Task. With the pictures left out, restate exactly the part below that opens with the line containing "00:05:49Der Stream beginnt" and closes with the line containing "Elegantna ženska torbica".

[Records from a data source]

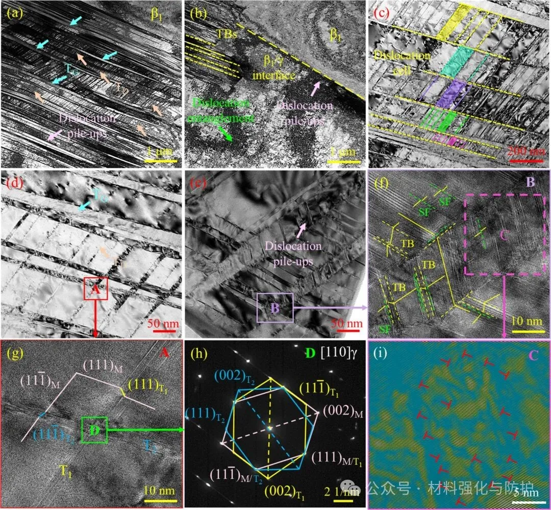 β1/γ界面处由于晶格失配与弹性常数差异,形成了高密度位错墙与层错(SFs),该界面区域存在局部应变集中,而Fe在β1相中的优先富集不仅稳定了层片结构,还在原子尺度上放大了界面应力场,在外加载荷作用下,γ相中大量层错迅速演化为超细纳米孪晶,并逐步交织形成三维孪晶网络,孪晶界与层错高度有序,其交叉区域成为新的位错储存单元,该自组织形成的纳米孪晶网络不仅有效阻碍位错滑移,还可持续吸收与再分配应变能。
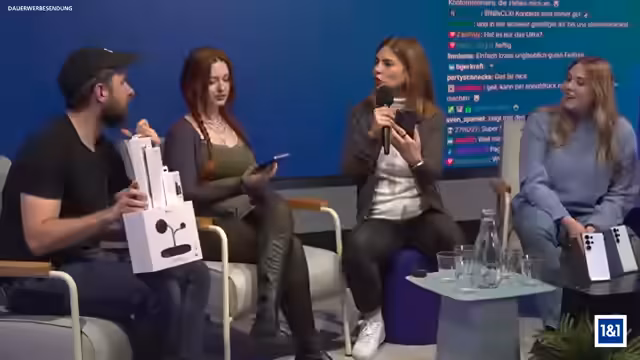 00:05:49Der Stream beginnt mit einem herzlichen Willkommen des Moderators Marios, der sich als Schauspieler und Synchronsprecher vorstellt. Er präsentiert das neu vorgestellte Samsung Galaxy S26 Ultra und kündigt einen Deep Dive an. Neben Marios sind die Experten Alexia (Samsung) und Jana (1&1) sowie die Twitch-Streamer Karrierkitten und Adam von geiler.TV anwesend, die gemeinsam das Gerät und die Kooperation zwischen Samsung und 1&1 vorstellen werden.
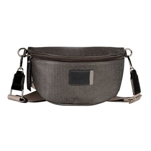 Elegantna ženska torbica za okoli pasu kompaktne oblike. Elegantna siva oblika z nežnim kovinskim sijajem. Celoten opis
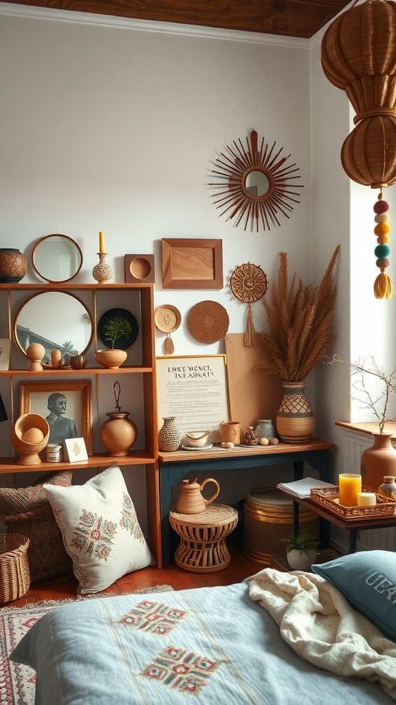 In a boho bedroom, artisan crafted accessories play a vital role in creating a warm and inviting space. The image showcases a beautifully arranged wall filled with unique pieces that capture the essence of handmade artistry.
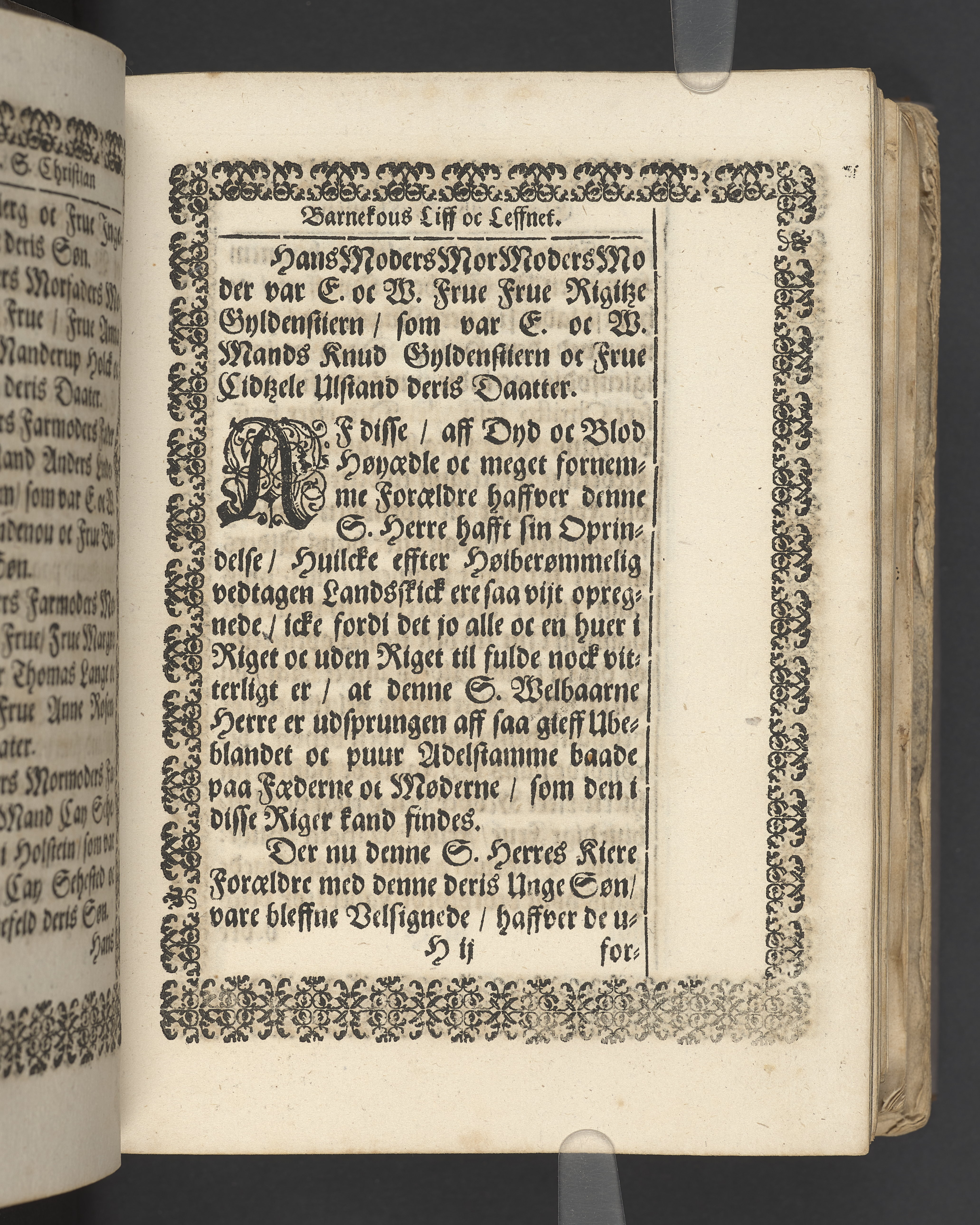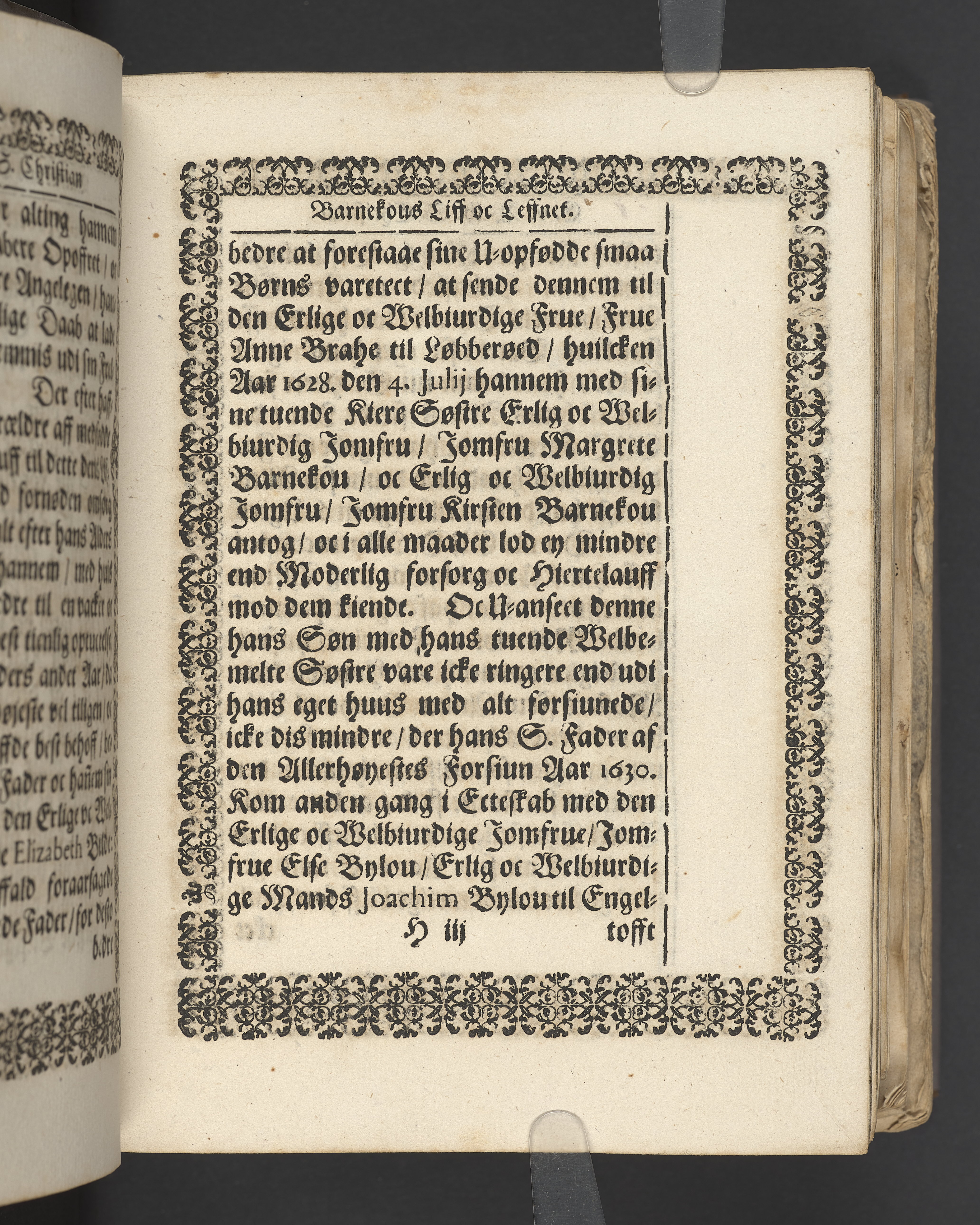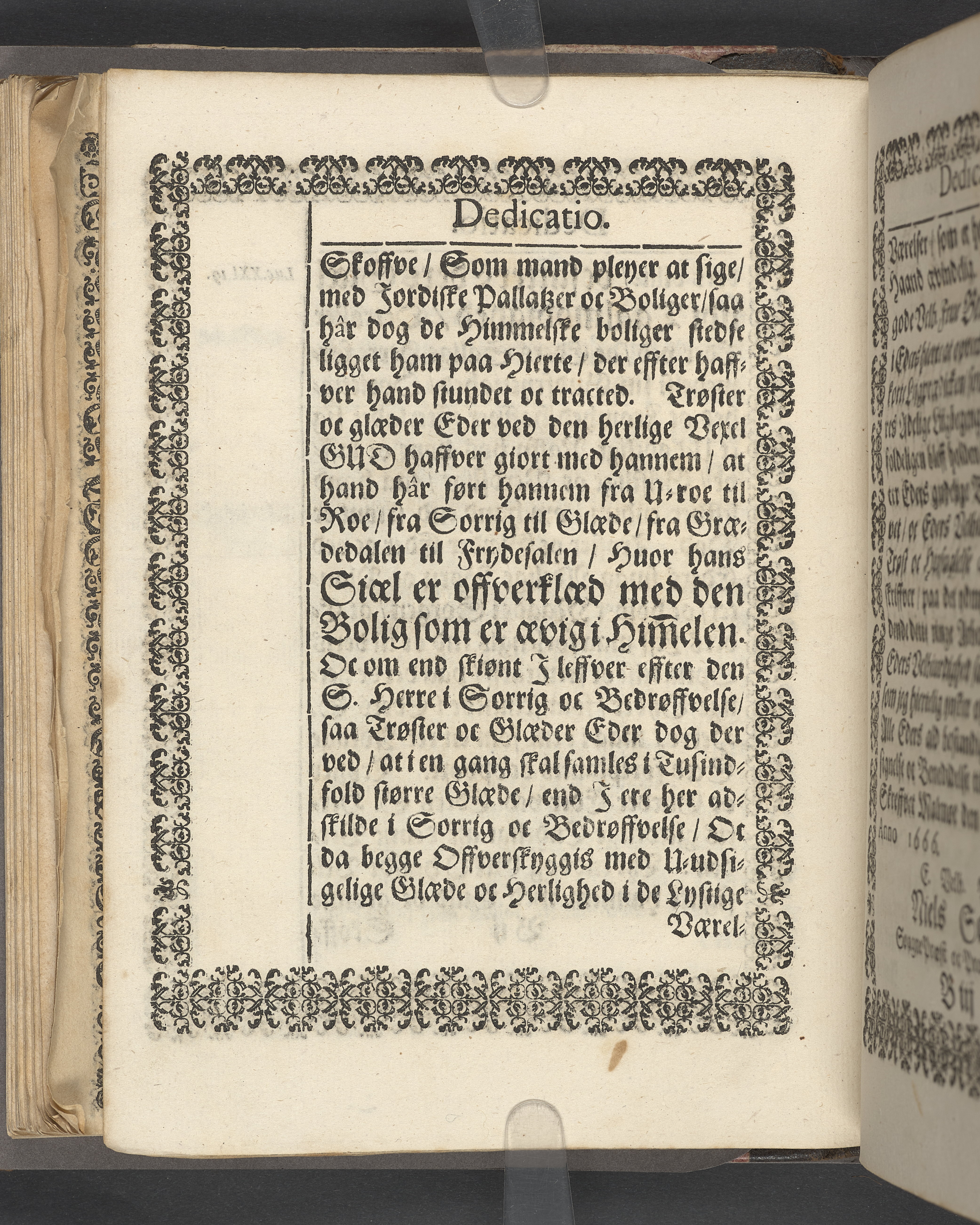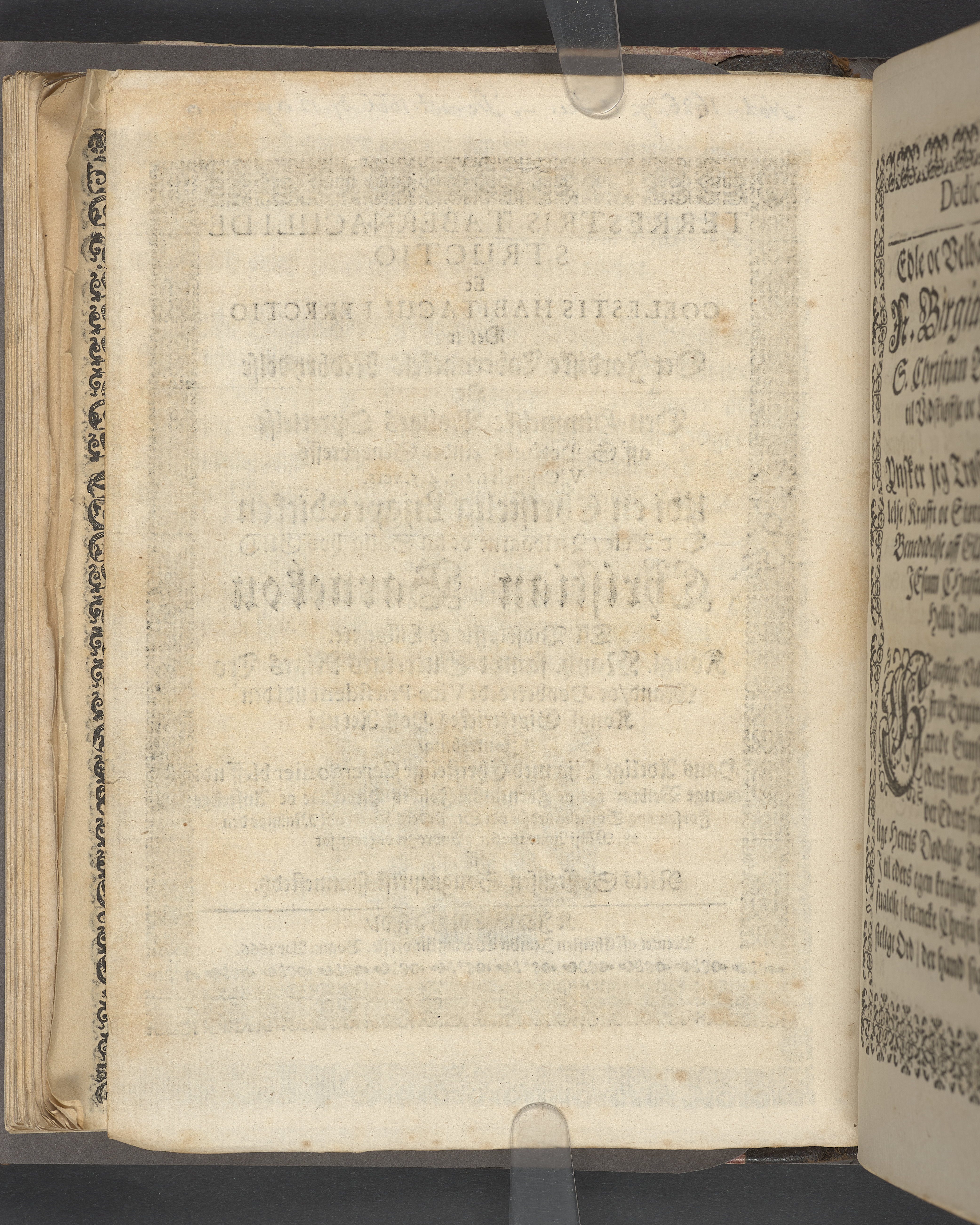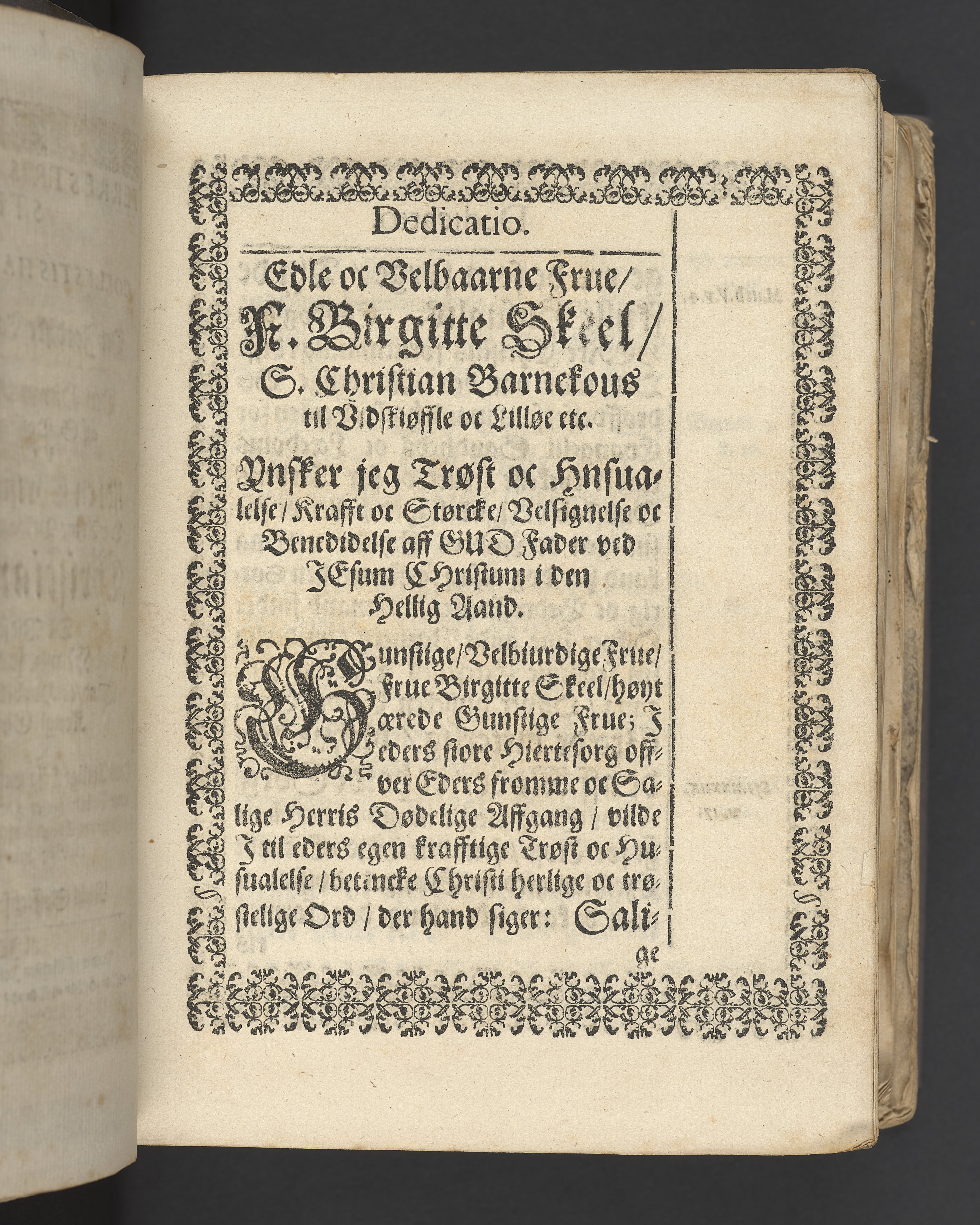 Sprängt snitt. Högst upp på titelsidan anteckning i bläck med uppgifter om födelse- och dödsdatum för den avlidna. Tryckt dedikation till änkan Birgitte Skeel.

Answer to the exercise.
 00:05:49Der Stream beginnt mit einem herzlichen Willkommen des Moderators Marios, der sich als Schauspieler und Synchronsprecher vorstellt. Er präsentiert das neu vorgestellte Samsung Galaxy S26 Ultra und kündigt einen Deep Dive an. Neben Marios sind die Experten Alexia (Samsung) und Jana (1&1) sowie die Twitch-Streamer Karrierkitten und Adam von geiler.TV anwesend, die gemeinsam das Gerät und die Kooperation zwischen Samsung und 1&1 vorstellen werden.
 Elegantna ženska torbica za okoli pasu kompaktne oblike. Elegantna siva oblika z nežnim kovinskim sijajem. Celoten opis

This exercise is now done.